A common, pragmatic pattern: a provisioned writer for predictable baseline write throughput, plus Serverless v2 readers that absorb read spikes. You can mix db.serverless and provisioned instances in the same cluster.

Step 3 — Failover behavior and tuning reconnection

When the writer fails (or you reboot it with failover), Aurora promotes a replica and repoints the cluster endpoint CNAME. Promotion tier (promotion_tier, 0–15) decides who wins: Aurora prefers the lowest-numbered tier, breaking ties by the replica largest in size so the new writer can handle the load. Pin your beefy replicas to tier 0 or 1 and keep tiny analytics nodes at tier 15 so they are never promoted into the writer role.

The database side of failover is fast. The slow part is almost always the client:

  1. DNS TTL. The cluster endpoint CNAME has a short TTL (around 5 seconds). JVMs that cache DNS forever are the classic offender — set networkaddress.cache.ttl to a low value or you will keep hammering the old IP.
  2. Connection pool validation. Configure your pool (HikariCP, pgbouncer, etc.) to test connections on borrow and evict dead ones quickly, instead of handing the app a half-open socket to the demoted instance.
  3. Use RDS Proxy. It absorbs the reconnect storm and pins clients to the new writer, which is the single biggest lever for shrinking application-observed failover time.

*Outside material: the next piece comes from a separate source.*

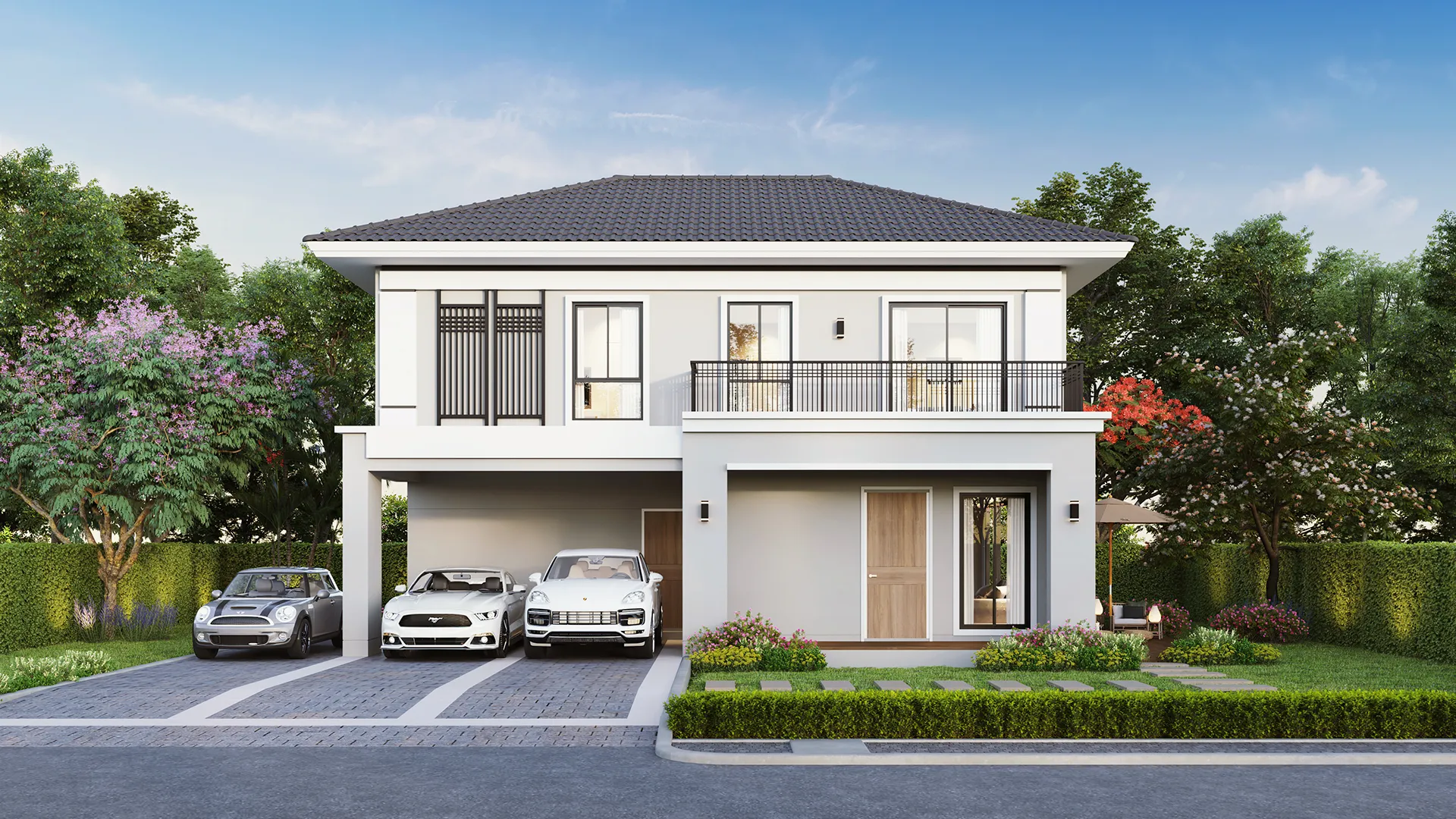 - บ้านเดี่ยว 2 ชั้น สไตล์ Modern Oriental ที่ดินเริ่มต้น 100 ตร.ว. ขึ้นไป จอดรถได้ 6 - 8 คัน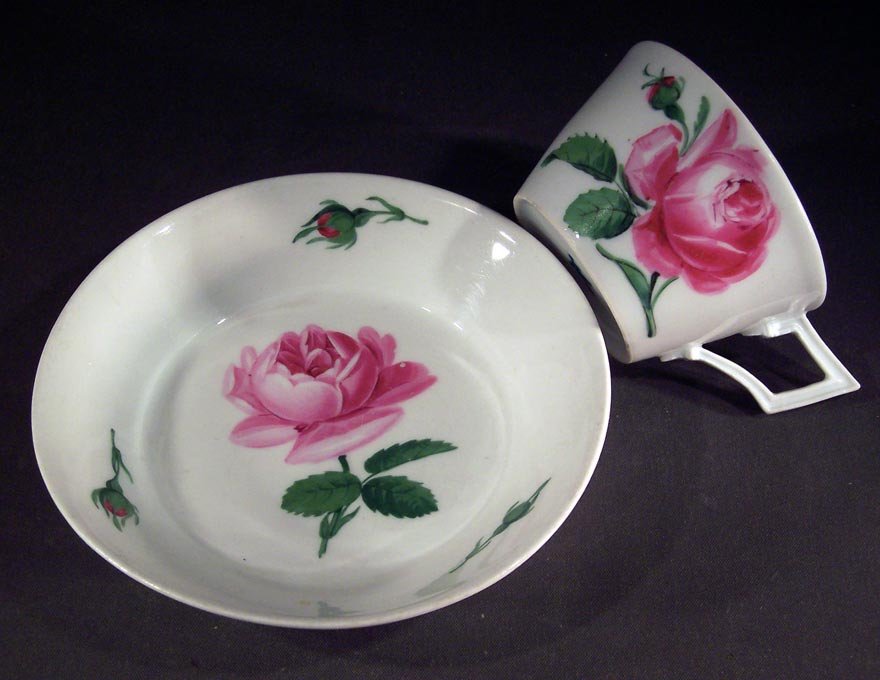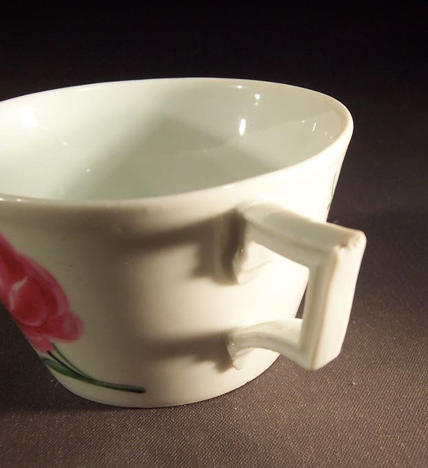 Tasse mit Untertasse ca 1820-1850, Schmierzeit. Zylindrische Form nach unten verjüngt, eckiger Henkel, Untetasse mit hochgezogenem Rand.

Trigger a controlled failover to a specific target:

aws rds failover-db-cluster \
  --db-cluster-identifier prod-app \
  --target-db-instance-identifier prod-app-1

Step 4 — Cross-region DR with Aurora Global Database

Multi-AZ protects you from instance and zone failure. It does nothing for a regional outage or a region-wide control-plane event. Aurora Global Database replicates from a primary region to up to five secondary regions using the storage layer’s dedicated replication infrastructure, with typical cross-region lag around one second and negligible impact on primary write performance.

resource "aws_rds_global_cluster" "global" {
  global_cluster_identifier = "prod-app-global"
  engine                    = "aurora-postgresql"
  engine_version            = "16.4"
}

# Primary regional cluster joins the global cluster
resource "aws_rds_cluster" "primary" {
  provider                  = aws.us_east_1
  cluster_identifier        = "prod-app-use1"
  global_cluster_identifier = aws_rds_global_cluster.global.id
  engine                    = aws_rds_global_cluster.global.engine
  engine_version            = aws_rds_global_cluster.global.engine_version
  # ...storage, subnets, security groups...
}

# Secondary read-only cluster in another region
resource "aws_rds_cluster" "secondary" {
  provider                  = aws.eu_west_1
  cluster_identifier        = "prod-app-euw1"
  global_cluster_identifier = aws_rds_global_cluster.global.id
  engine                    = aws_rds_global_cluster.global.engine
  engine_version            = aws_rds_global_cluster.global.engine_version
  source_region             = "us-east-1"
  # ...storage, subnets, security groups...
}

The secondary region serves low-latency reads to local users. For DR you have two recovery modes:

# Planned, zero-RPO switchover to the secondary region
aws rds failover-global-cluster \
  --global-cluster-identifier prod-app-global \
  --target-db-cluster-identifier arn:aws:rds:eu-west-1:111122223333:cluster:prod-app-euw1

Set explicit targets and write them in the runbook. A realistic posture for Global Database: RPO ~1 second, RTO of a few minutes for unplanned promotion, gated mostly by DNS/Route 53 repointing and application config, not the database promotion itself.

Step 5 — Zero-downtime schema and engine changes with blue/green

In-place major version upgrades and risky schema migrations are where teams take outages. RDS Blue/Green Deployments create a full, synchronized copy of the cluster (the green environment) replicating from production (blue). You apply your engine upgrade or schema change to green, validate it against real replicated data, and then switch over — Aurora redirects the endpoints to green, typically within a minute, with built-in guardrails that abort if replication is unhealthy or lag is too high.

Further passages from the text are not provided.